Zellkernarchitektur – Was den Zellkern im Innersten zusammenhält

Schnitt durch die Netzhaut. Stäbchenzellen mit invertierten Kernen ("Mikrolinsen") im oberen Bildbereich, andere Netzhautneuronen mit konventionellen Kernen unten. Bild: I. Solovei https://www.uni-muenchen.de/forschung/news/2019/solovei_chromatin.html

Das Erbmolekül DNA liegt im Zellkern als ein Komplex von DNA und Proteinen vor, der als Chromatin bezeichnet wird. Danach, wie transkriptionell aktiv eine Region ist und wie dicht das Chromatin gepackt ist, unterscheidet man zwei Typen von Chromatin, die im Zellkern zudem räumlich getrennt sind.

Das dicht gepackte Heterochromatin besteht aus stillgelegten genomischen Regionen und liegt an den Außenrändern des Zellkerns. Die aktiven genomischen Regionen dagegen befinden sich im weniger dichten und daher leichter zugänglichen Euchromatin im Kerninneren.

Dieses Muster haben praktisch alle eukaryontischen Zellen gemeinsam. Wie diese Verteilung zustande kommt, ist noch immer weitgehend unbekannt. Wissenschaftler um Irina Solovei vom Biozentrum der LMU haben nun in Kooperation mit Job Dekker (University of Massachussetts Medical School) und einer Gruppe Physiker um Leonid Mirny (Institute for Medical Engineering and Science, MIT) einen neuen Mechanismus entdeckt, der den überraschenden Schluss nahelegt, dass der „Normalzustand“ des Kerns eigentlich die umgekehrte Verteilung von Eu- und Heterochromatin vorsieht. Über ihre Ergebnisse berichten die Wissenschaftler im renommierten Fachmagazin Nature.

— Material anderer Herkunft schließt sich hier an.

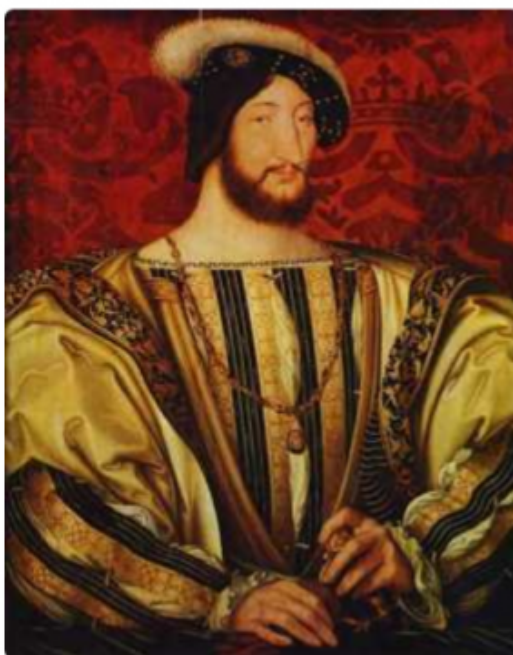
François 1er, par Jean CLOUET

Le 7 février 1517, François 1er ordonne la création d'un port fortifié au « lieu de Grasse », puis signe, le 8 octobre, de la même année, les chartes de fondation de la ville. Le Havre (Seine-Maritime)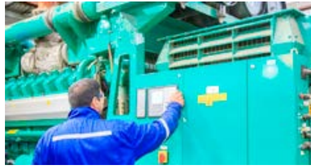
El Sindicato de Luz y Fuerza de la Patagonia advirtió sobre presuntas irregularidades en la adquisición de combustible por parte de la Dirección Provincial de Energía.

El escrito manifiesta que la operación mencionada podría implicar un “desvío de fondos públicos y una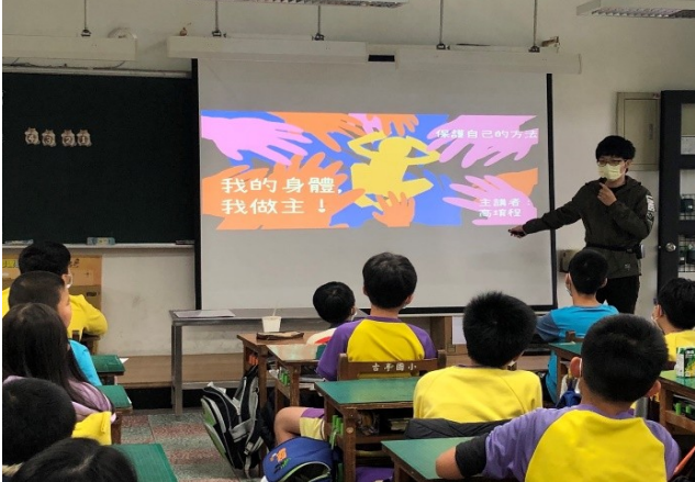
輔師說明性騷擾、性侵害的種類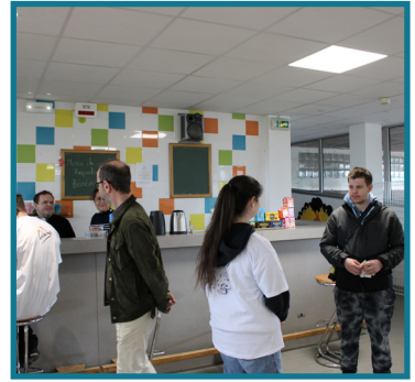
Présentation du foyer des élèves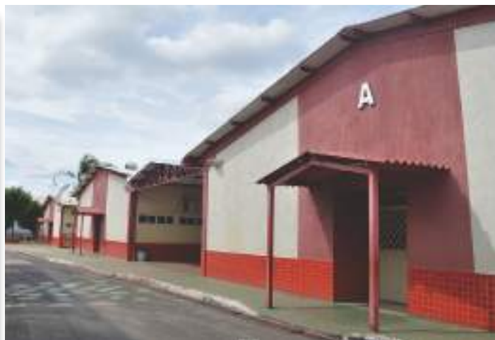
Blocos A, B e C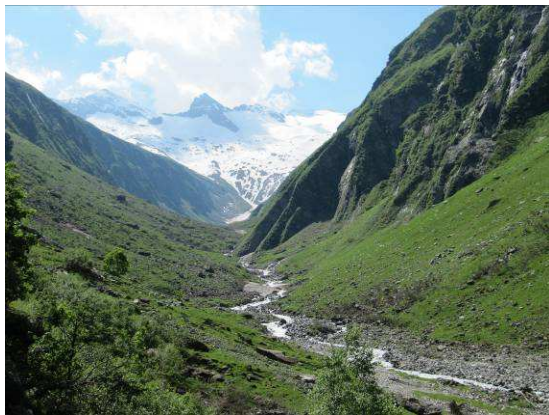
Abbildung 11: Habachtalschluss mit Blick auf den Kratzenberg und Schwarzkopf

Dr. Peter Huemer entdeckte im Zuge entomologischer Exkursionen im Jahr 2006 im Habachtal bzw. im Obersulzachtal Blattminen auf Grünerlen ( Alnus viridis DC.) die dem Grünerlen-Trugfalter Eriocrania alpinella Burmann, 1958 zuzurechnen sind (Embacher & Huemer, 2008).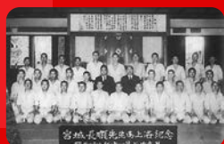
(立命館大学／昭和17年撮影)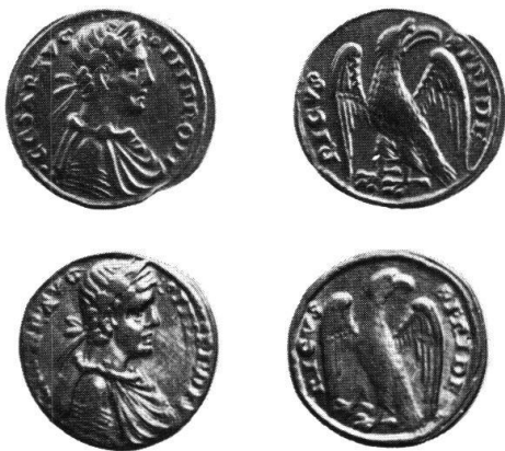
Abb. 21 Moderne Augustalenfälschungen aus «Dukaten-gold»! (Kat.-Nrn. 52 b und 51.)

Während es bei den falschen Tarenen sowohl imitierte als auch erfundene Typen gibt, sind die mir bekannten modernen Augustalenfälschungen stets genaue Kopien echter Stücke, allerdings mit «falscher» Stempelkopplung. Die meisten (Kat.-Nrn. 52, a + b, 227, 358, 397, 406) entsprechen der Varietät U 4/A 28 und zwei (Kat.-Nrn. 51 und 407) der Varietät U 7/A 21, wohingegen bei den echten Stücken bisher nur die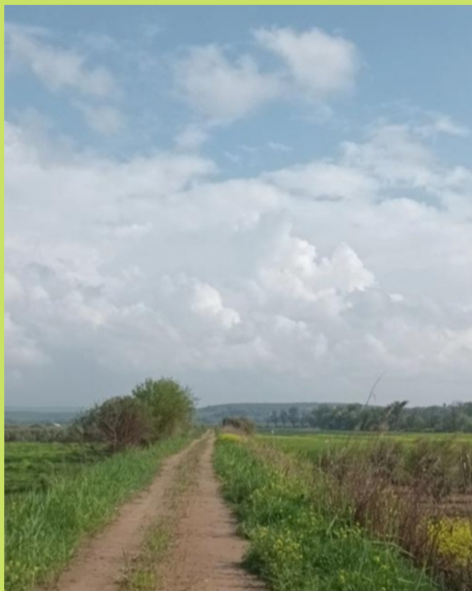
Caminos del sendero que discurren junto al río Guadalquivir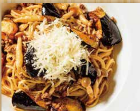
十勝産和牛ひき肉と茄子・きのこの ボロネーゼ

Tokachi Wagyu Minced Beef Bolognese with Eggplant and Mushroom 茄子蘑菇十胜产和牛肉末茄汁意面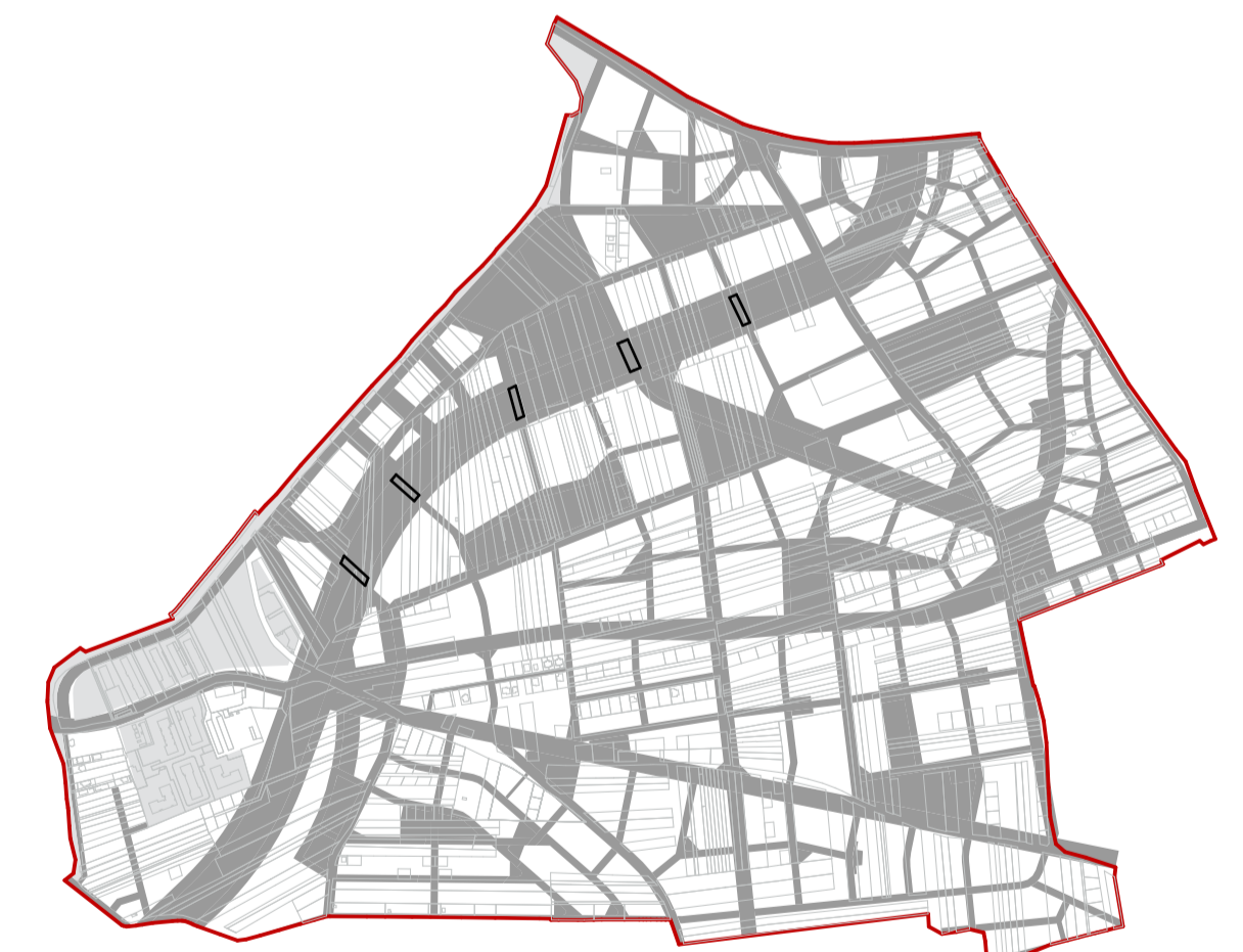
SUPRAPUNERE SPAȚIU PUBLIC PESTE PARCELARUL EXISTENT DIN CADRUL LIMITEI PUZ MASTERPLAN SOPOR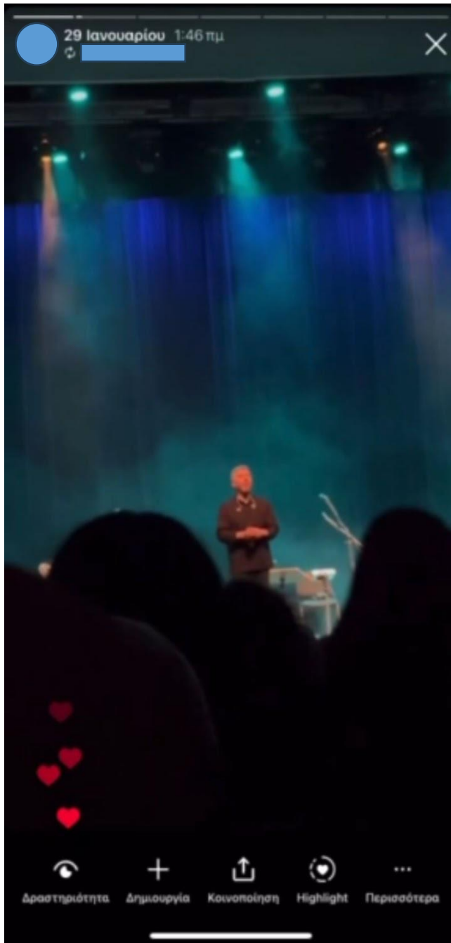
Εικόνα 13: Screenshot από Scroll Back Technique Video

αφορούσε αναδημοσίευση (repost) από μια φίλη του που ήταν μαζί. Συμπλήρωσε, ότι το συγκεκριμένο repost ήταν θολό παρ' ολ' αυτά μετά την ανάρτησή του το είχε αντιληφθεί. Έχει προστεθεί φίλτρο “Tokyo” από τα φίλτρα τα οποία παρέχει το Instagram με στόχο να βελτιώσει την ποιότητα του βίντεο. Επίσης, πρόσθεσε σε ετικέτα τον Dj τον οποίο παρουσιαζόταν στο βίντεο και το emoji 📌 θέλοντας να δώσει να καταλάβουν οι ακόλουθοι ότι πρόκειται για ένα κορυφαίο Dj.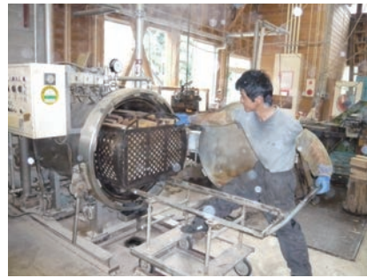
⑥ 高圧釜に入れて蒸す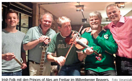
Irish Folk mit den Princes of Ales am Freitag im Miltenberger Beavers.

Auftritte der Princes überzeugen laut Ankündigung des Veranstalters durch puren Spaß an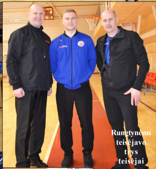
Rungtynėms teisėjavo trys teisėjai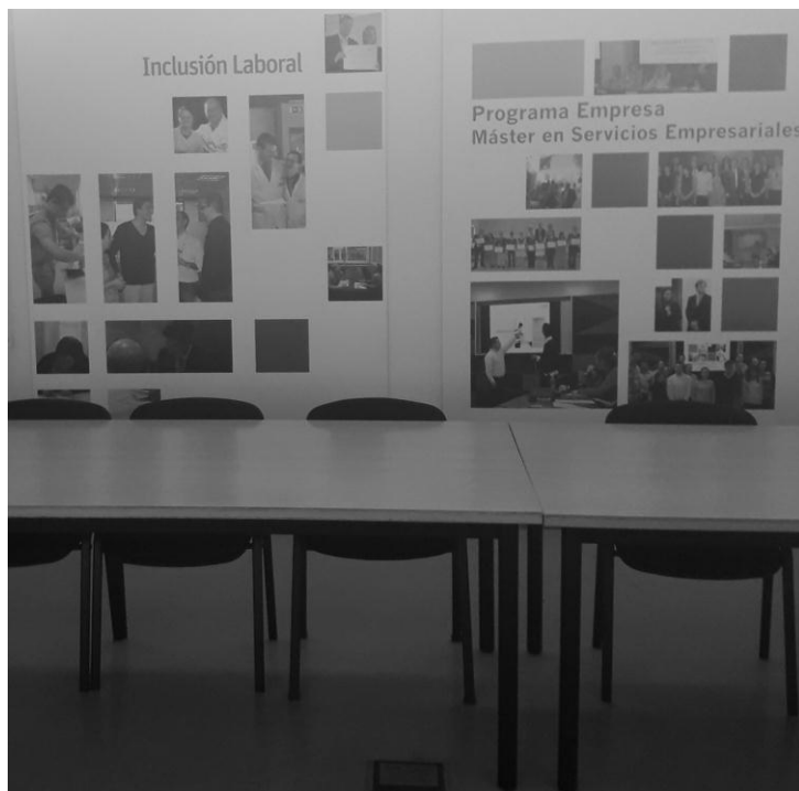
Foto del programa de inclusión laboral y educación de postgrado promovido por PRODIS.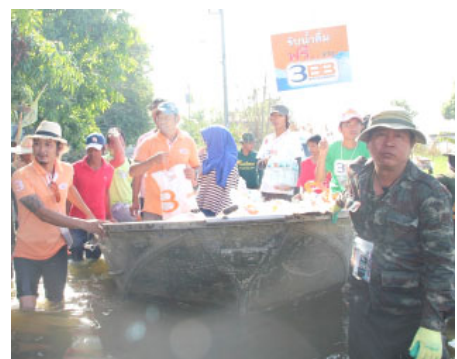
ทีมงาน 3BB กรุงเทพฯ เดินทางไปยังพื้นที่บางบัวทอง เพื่อมอบถุงยังชีพและน้ำดื่มให้แก่ผู้ประสบภัย

ในปี 2554 ที่ผ่านมา ประเทศไทยต้องเผชิญกับวิกฤตอุทกภัยทางธรรมชาติที่หนักหนาที่สุดอีกปีหนึ่ง ซึ่งเกิดขึ้นกับพื้นที่ในหลายๆ จังหวัดทั่วประเทศ ทั้งพื้นที่เกษตรกรรมและอุตสาหกรรมได้รับความเสียหายเป็นอย่างมาก กลุ่มบริษัทจัสมิน จึงได้เป็นส่วนหนึ่งที่เข้าไปช่วยเหลือผู้ประสบภัยในครั้งนี้ โดยได้รับความร่วมมือจากพนักงานของบริษัทต่างๆ ในเครือ ที่ช่วยสละแรงกายแรงใจเข้าช่วยเหลือผู้ประสบภัยในครั้งนี้ รวมถึงกลุ่มบริษัทจัสมินเองก็ได้ร่วมมอบเงินบริจาคช่วยเหลือผู้ประสบอุทกภัย ในนามบริษัท ทริปเปิลที บรอดแบนด์ จำกัด (มหาชน) หรือ 3BB เป็นจำนวนเงิน 1 ล้านบาท ผ่านทางครอบครัวข่าว 3 สำหรับอุทกภัยภาคใต้ และอีก 1 ล้านบาท เพื่อช่วยเหลือผู้ประสบอุทกภัยเมื่อเดือนตุลาคม 2554 ผ่านทางสำนักนายกรัฐมนตรี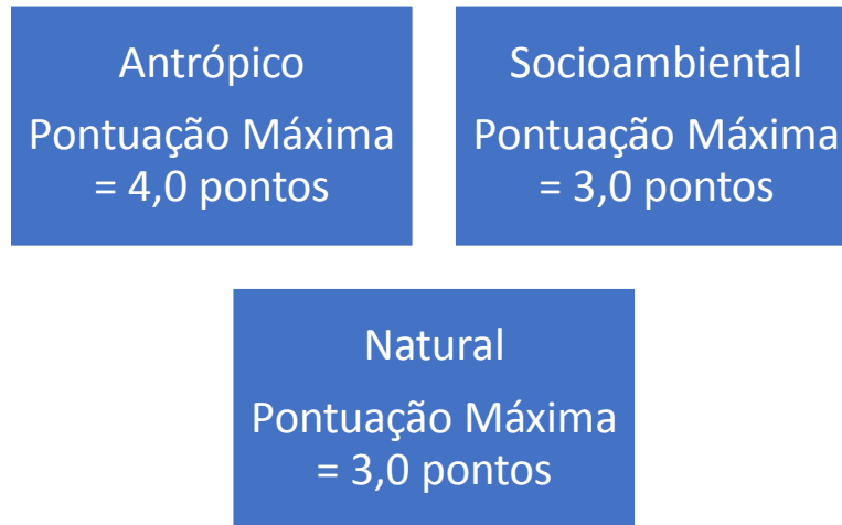
Diagrama da distribuição das notas dos indicadores de habitabilidade urbana

Indicadores com rank ruim : receberá 10% da sua pontuação máxima.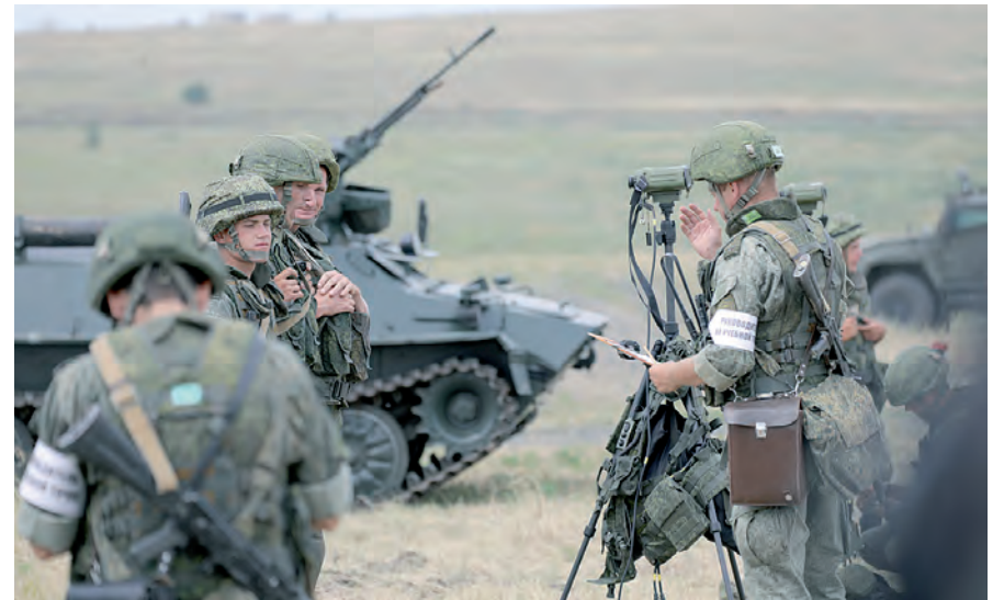
Постановка учебно-боевой задачи.

Es gibt zahlreiche Theorien, welche Mechanismen die Chromatinverteilung im Kern steuern. Bisher konnten diese Hypothesen jedoch keine schlüssige Antwort liefern, da es in normalen Zellkernen schwierig ist, die Interaktion der beiden Chromatintypen untereinander zu untersuchen, weil das Heterochromatin dort fest an die Kernhülle gebunden ist.

„Wir haben für unsere Untersuchungen daher sogenannte inverse Zellkerne genutzt“, sagt Solovei. Zusammen mit ihren Münchner Kollegen entdeckte sie diese Kerne vor etwa zehn Jahren bei nachtaktiven Säugetieren in bestimmten Photorezeptoren der Netzhaut, den sogenannten Stäbchen.

Im Gegensatz zu konventionellen Kernen befindet sich bei ihnen das inaktive Heterochromatin im Zellkern-Inneren, während das aktive Euchromatin an der Peripherie liegt – eine einzigartige Ausnahme in der Natur. Wie sich in den Studien heraustellte, dient diese Heterochromatinansammlung im Inneren des Zellkerns als Mikrolinse und verbessert so die optischen Eigenschaften der Netzhaut nachtaktiver Säugetiere.

In späteren Arbeiten zeigten die Wissenschaftler, dass in den Zellkernen dieser Stäbchen zwei Proteinkomplexe fehlen, die normalerweise das Heterochromatin an die Hülle des Zellkerns heften. Deshalb sammelt es sich in der Zellkernmitte.

Mithilfe einer Kombination moderner mikroskopischer und molekularbiologischer Methoden erstellten die Forscher nun Polymermodelle von Chromosomen und ganzen Zellkernen, mit deren Hilfe sie die Wechselwirkungen sowohl zwischen den Chromatintypen untereinander als auch mit der Kernhülle sowie deren Auswirkungen untersuchten.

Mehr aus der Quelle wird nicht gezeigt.